Contrary to what the noble Lord, Lord Stoddart, said, I have no doubt that the Minister will have no difficulty at all in waving aside all the points made from this side with his Etonian insouciance. It is obviously tempting to have a vote, but I think, on balance, the fact is that for many years—10 or 15—we have been committed to this procedure and Labour Governments, as well as Conservative Governments, have thought it right to make a proper contribution to the debate about the EU stability and growth pact. That includes the input of the social partners, the trade unions and employers. That has been to the good.

On this occasion, I think that the future environment of the stability and growth pact is a big question, and I am surprised that the Treasury, with its excellent syntax and arithmetic, has not addressed any of the bigger issues which confront us at what I think is the end of one chapter in Europe and the opening of a new one.

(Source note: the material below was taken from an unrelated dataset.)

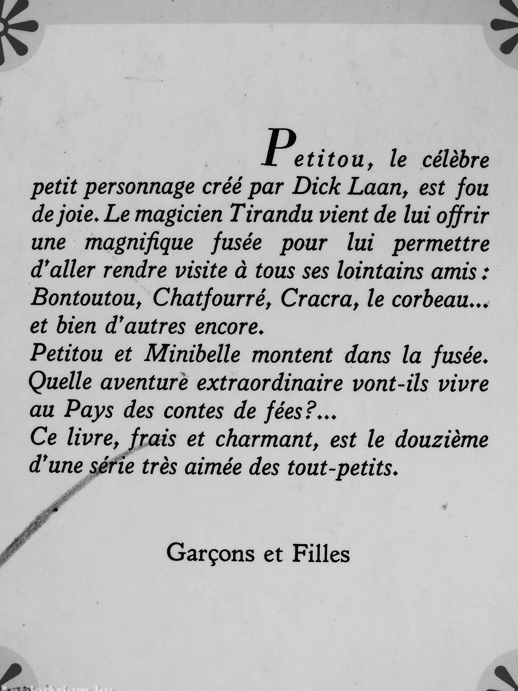 Pet itou, le célebre petit personnage créé par Dick Laan, est fou de joie. Le magicien Tirandu vient de lui offrir une magnifique fusée pour lui permettre d*aller rendre visite a tous ses lointains amis : Bontoutou, Chatfourré, Cracra, le corbeau et bien d*autres encore. Petitou et Minibelle montent dans la fusée. Quelle aventure extraordinaire vont-ils vivre au Pays des contes de fées? Ce livre, frais et charmant, est le douzieme d*une série tres aimée des tout-petits.

I am referring, among other things, to the fact that we have a presidential election in France. As the Prime Minister said that he supports President Sarkozy, I will take this opportunity to give my maximum support to our comrade over the other side, François Hollande, and wish him well in 12 days’ time, or whatever it is. I shall sketch out a hypothetical scenario to which the Treasury should pay some attention. If and when President Hollande is in place and has his first meeting, as he will, with Chancellor Angela Merkel and they reach some agreements and then, one way or another, our Prime Minister meets him in Paris or London, what is he going to say? Is he going to say, “Bingo, the French and the Germans have reached a good agreement”? Have we nothing to contribute to their implicit complete relook at the stability and growth pact? Of course, there is not a word in this document, but I do not know whether any thinking is going on in the Treasury at all. I do not think that it has had any green light from Mr Osborne to do any such thinking, but it had better start in the next 10 days.

Where do we start from? The position of the incoming President Hollande, to take that hypothesis, would be—as he has said pretty consistently—not to undermine the fiscal pact but to but to add a big dimension of growth to the stability and growth pact. So this is the time to examine how on earth they would, without some highly innovative banking ideas, square the circle of getting out of a general slump. It is different from when the Maastricht treaty was created. We were there at its creation and there was a relatively good level of employment. At that phase of the economic cycle, with the underlying position at that stage, it was not unreasonable to have the figure of 3 per cent. By the way, there was a quite separate debate as to whether Greece should not have been treated much more stringently in inquiring about its position when it joined the euro. Allow me to say that that discussion has got totally mixed up with our discussion now, although in principle it is not central to it.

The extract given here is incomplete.